That is his choice, preferring players to take control and citing his own playing experience of managers who could “mess it up” by talking too much before kickoff.
Southgate was asked Friday what he would say in a final pep talk to the team before the match.
“Nothing at all,” Southgate said as he turned to England captain Harry Kane, who was sitting beside him at the prematch news conference on Friday. “Harry does it.”
“I don’t speak to them in that way immediately before the game. By that point the work is done.
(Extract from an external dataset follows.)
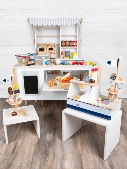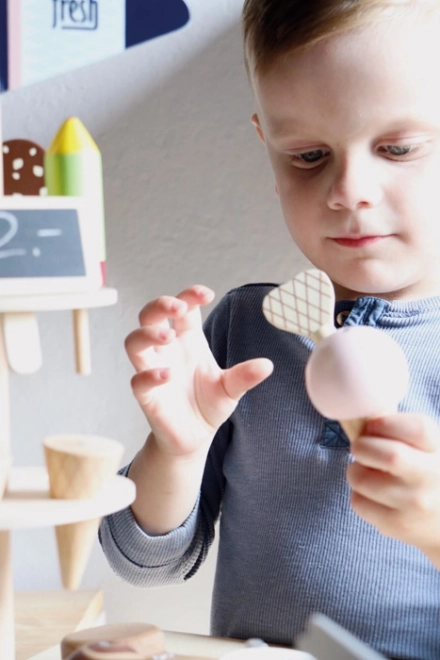 Дървената стойка за сладолед Fresh е перфектна играчка за малки продавачи. Предлага разнообразни сладоледени лакомства и магнитна лъжичка, която гарантира безопасна и лесна работа. С естествения си вид насърчава въображаема игра.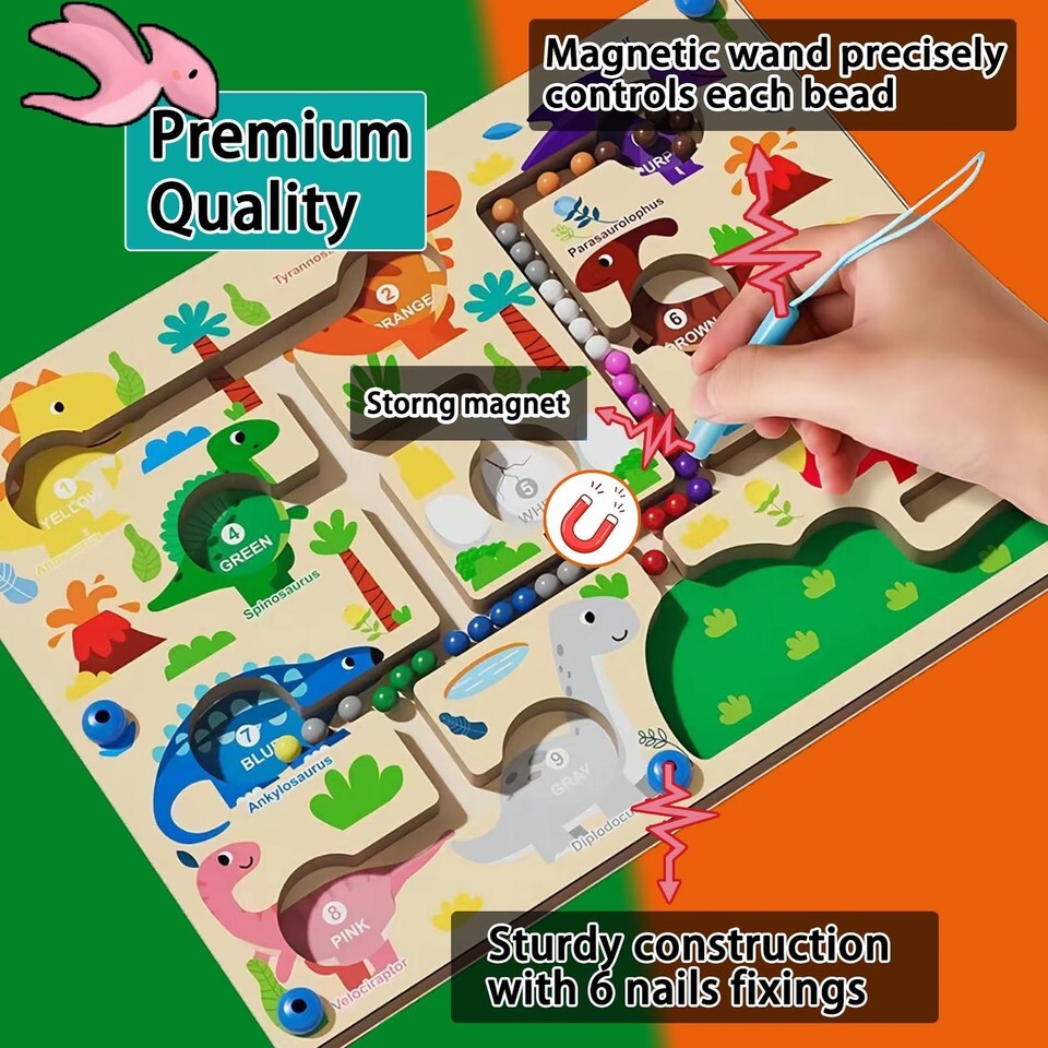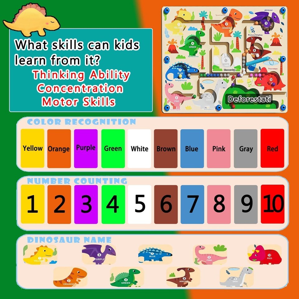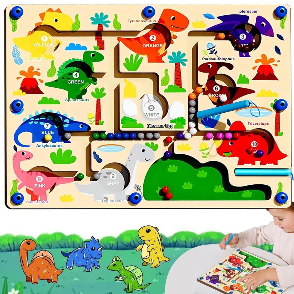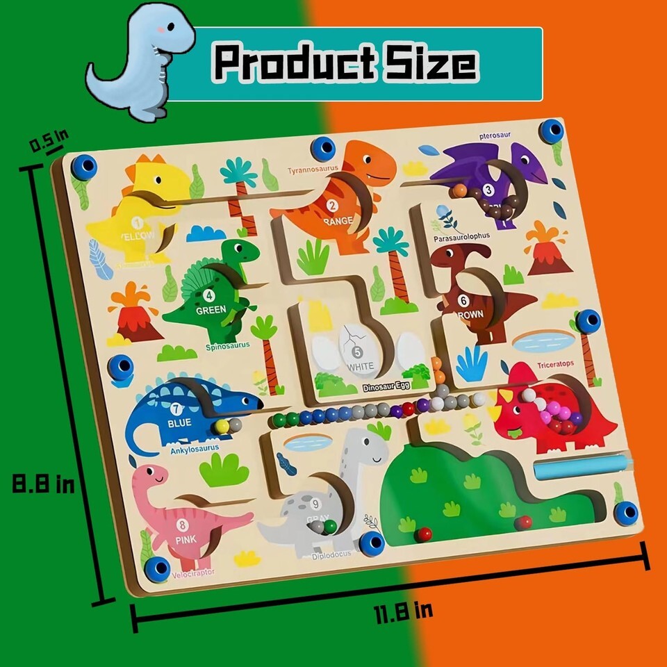 - IOOZ Magnetic Color & Number Maze Montessori Wooden Dinosaur Puzzle Toy

I leave it to the players,” said the coach, who is aiming to guide England to a second straight World Cup semifinal.
Southgate’s strategy was forged in a long playing career that included 57 games for England, with two of them at the 1998 World Cup.
“Frankly, there are lots of times when I played when the managers spoke at that point and I thought, ‘I’m ready, all you can do is mess it up for me now,'" he said.
Kane has led by example at this World Cup, helping teammates with a tournament joint-best three assists and also scoring one goal.
He was then pressed to share insight into what he would say.
“I don’t want to tell my secrets,” the England forward said, smiling at his coach for having put him on the spot. “It will just be a small briefing in the huddle.”
“I’m not completely sure what I’ll say. I’ll think about it in the 24 hours before,” said the Tottenham forward, who is vice captain at his club.
The London team's captain is goalkeeper Hugo Lloris, who will also skipper the France team in Saturday's quarterfinal match at Al Bayt Stadium in Qatar.